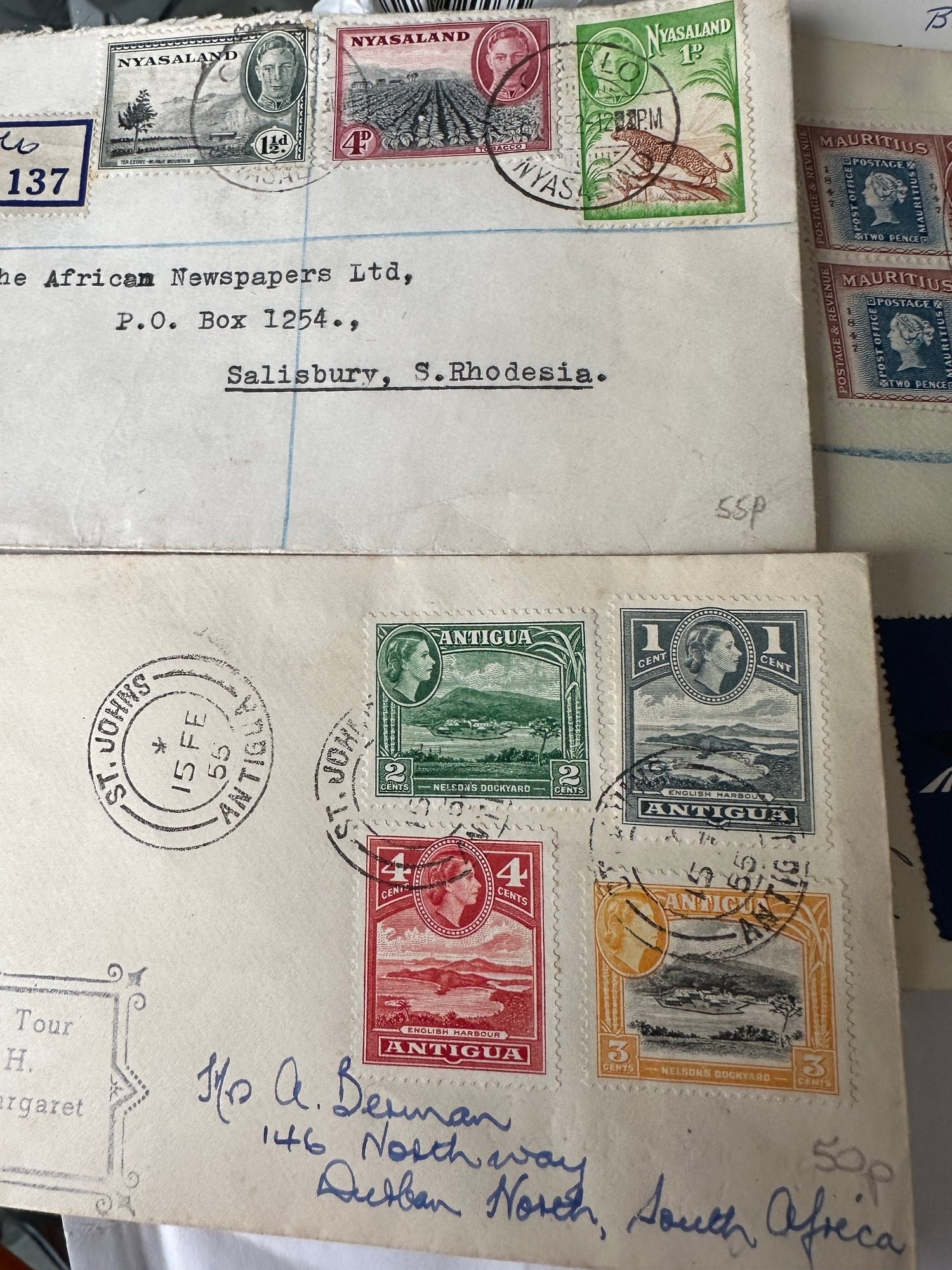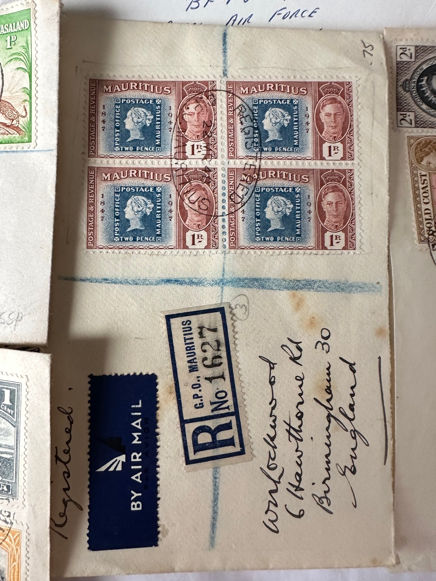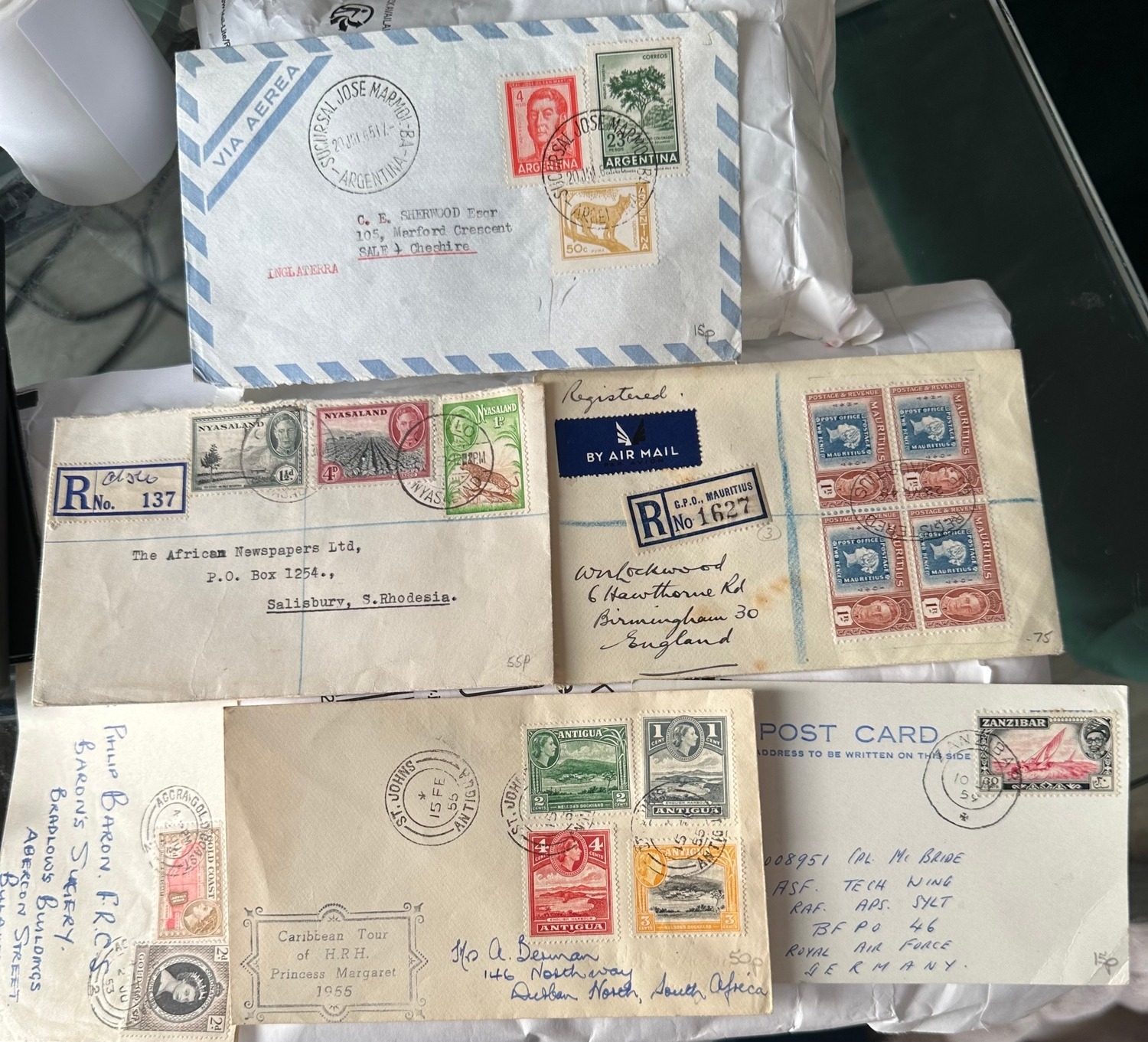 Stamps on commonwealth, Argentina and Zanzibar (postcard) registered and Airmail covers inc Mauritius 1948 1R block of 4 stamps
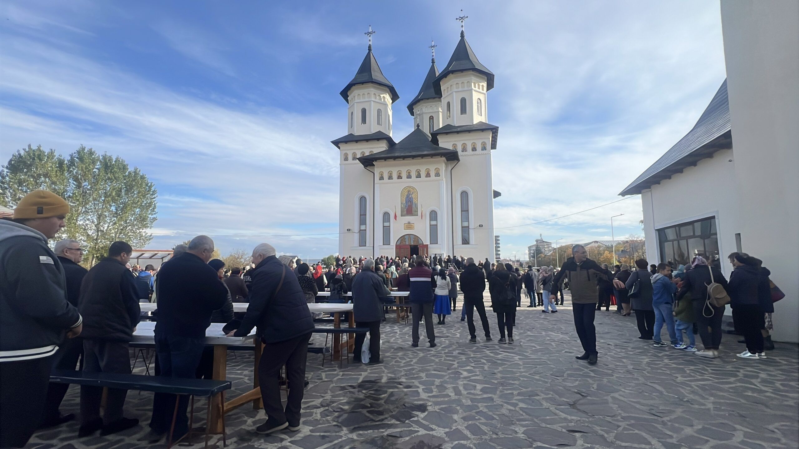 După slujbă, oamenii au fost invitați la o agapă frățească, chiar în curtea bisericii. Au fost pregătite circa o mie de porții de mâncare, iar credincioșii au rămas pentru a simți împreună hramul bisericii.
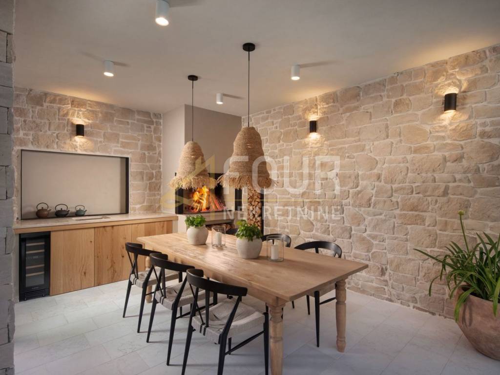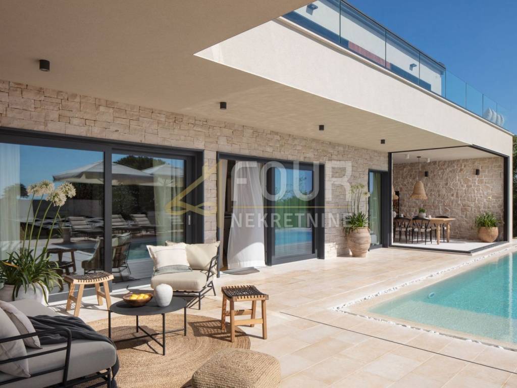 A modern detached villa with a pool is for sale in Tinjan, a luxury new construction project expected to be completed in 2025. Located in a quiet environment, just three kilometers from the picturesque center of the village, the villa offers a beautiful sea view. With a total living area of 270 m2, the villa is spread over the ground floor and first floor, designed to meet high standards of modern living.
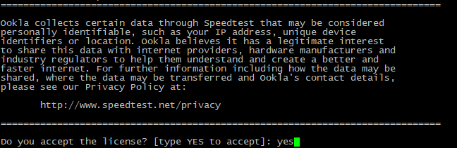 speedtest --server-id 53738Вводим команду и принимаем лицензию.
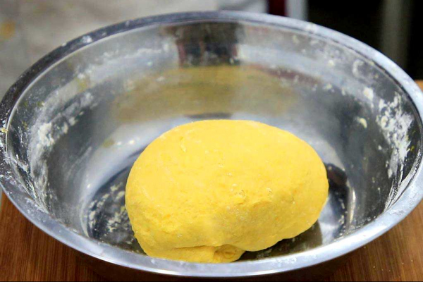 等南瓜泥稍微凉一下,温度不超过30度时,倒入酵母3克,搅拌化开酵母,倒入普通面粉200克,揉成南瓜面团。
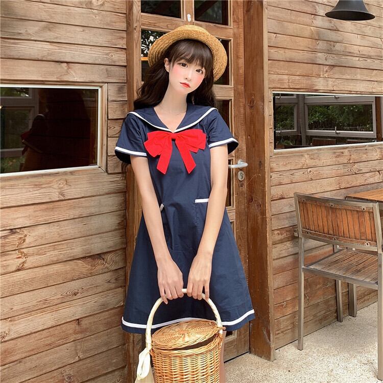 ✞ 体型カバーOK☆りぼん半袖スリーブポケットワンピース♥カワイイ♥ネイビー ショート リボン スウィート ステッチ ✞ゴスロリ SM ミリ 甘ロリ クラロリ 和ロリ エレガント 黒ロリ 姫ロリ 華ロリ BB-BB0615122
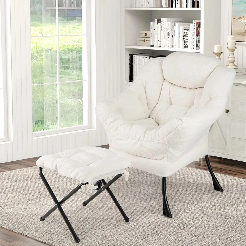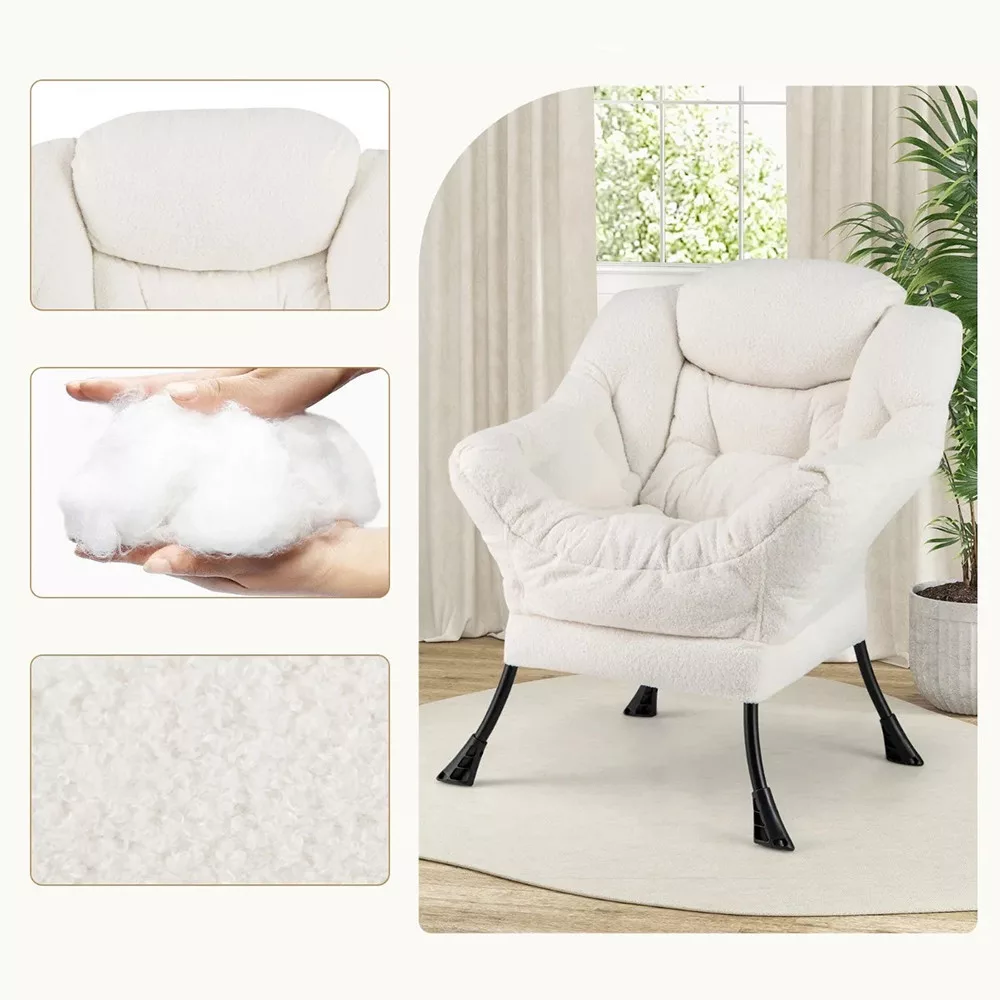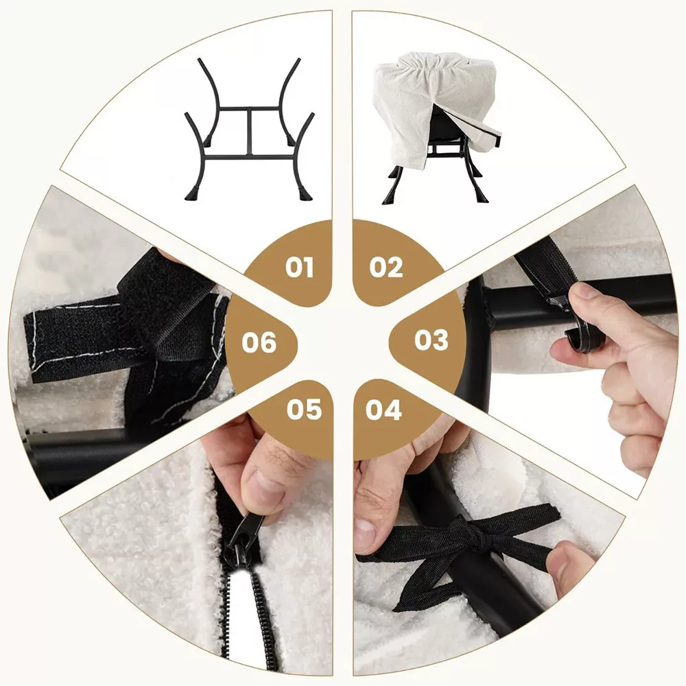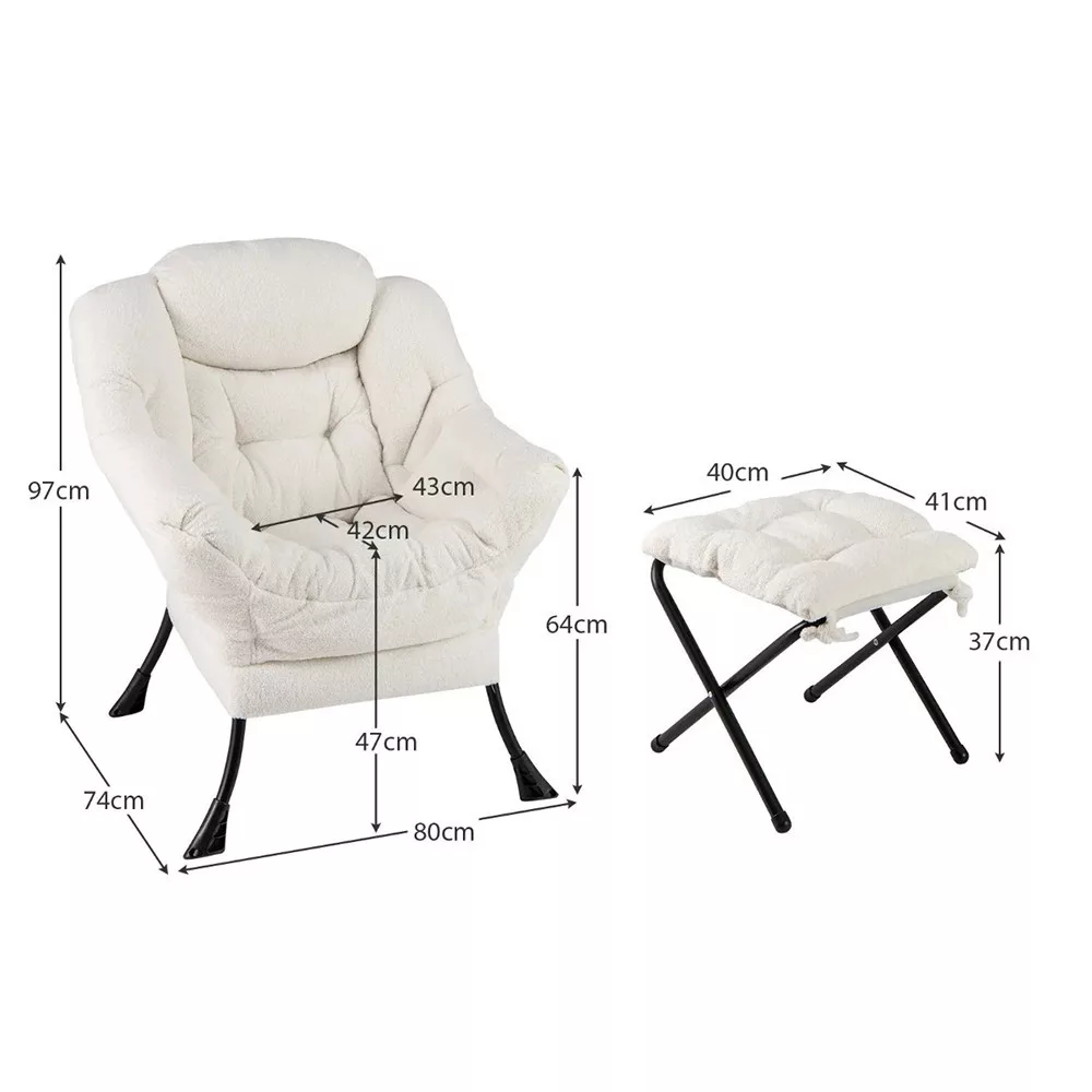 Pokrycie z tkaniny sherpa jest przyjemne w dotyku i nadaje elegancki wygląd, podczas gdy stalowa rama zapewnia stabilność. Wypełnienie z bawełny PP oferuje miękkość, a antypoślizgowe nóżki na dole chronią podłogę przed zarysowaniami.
======
### [DESCRIPTION OF THE TASK]
Without the pictures, write out every entry precisely as it appears.

### [TASK RESPONSE]
 Stamps on commonwealth, Argentina and Zanzibar (postcard) registered and Airmail covers inc Mauritius 1948 1R block of 4 stamps
 După slujbă, oamenii au fost invitați la o agapă frățească, chiar în curtea bisericii. Au fost pregătite circa o mie de porții de mâncare, iar credincioșii au rămas pentru a simți împreună hramul bisericii.
 A modern detached villa with a pool is for sale in Tinjan, a luxury new construction project expected to be completed in 2025. Located in a quiet environment, just three kilometers from the picturesque center of the village, the villa offers a beautiful sea view. With a total living area of 270 m2, the villa is spread over the ground floor and first floor, designed to meet high standards of modern living.
 speedtest --server-id 53738Вводим команду и принимаем лицензию.
 等南瓜泥稍微凉一下,温度不超过30度时,倒入酵母3克,搅拌化开酵母,倒入普通面粉200克,揉成南瓜面团。
 ✞ 体型カバーOK☆りぼん半袖スリーブポケットワンピース♥カワイイ♥ネイビー ショート リボン スウィート ステッチ ✞ゴスロリ SM ミリ 甘ロリ クラロリ 和ロリ エレガント 黒ロリ 姫ロリ 華ロリ BB-BB0615122
 Pokrycie z tkaniny sherpa jest przyjemne w dotyku i nadaje elegancki wygląd, podczas gdy stalowa rama zapewnia stabilność. Wypełnienie z bawełny PP oferuje miękkość, a antypoślizgowe nóżki na dole chronią podłogę przed zarysowaniami.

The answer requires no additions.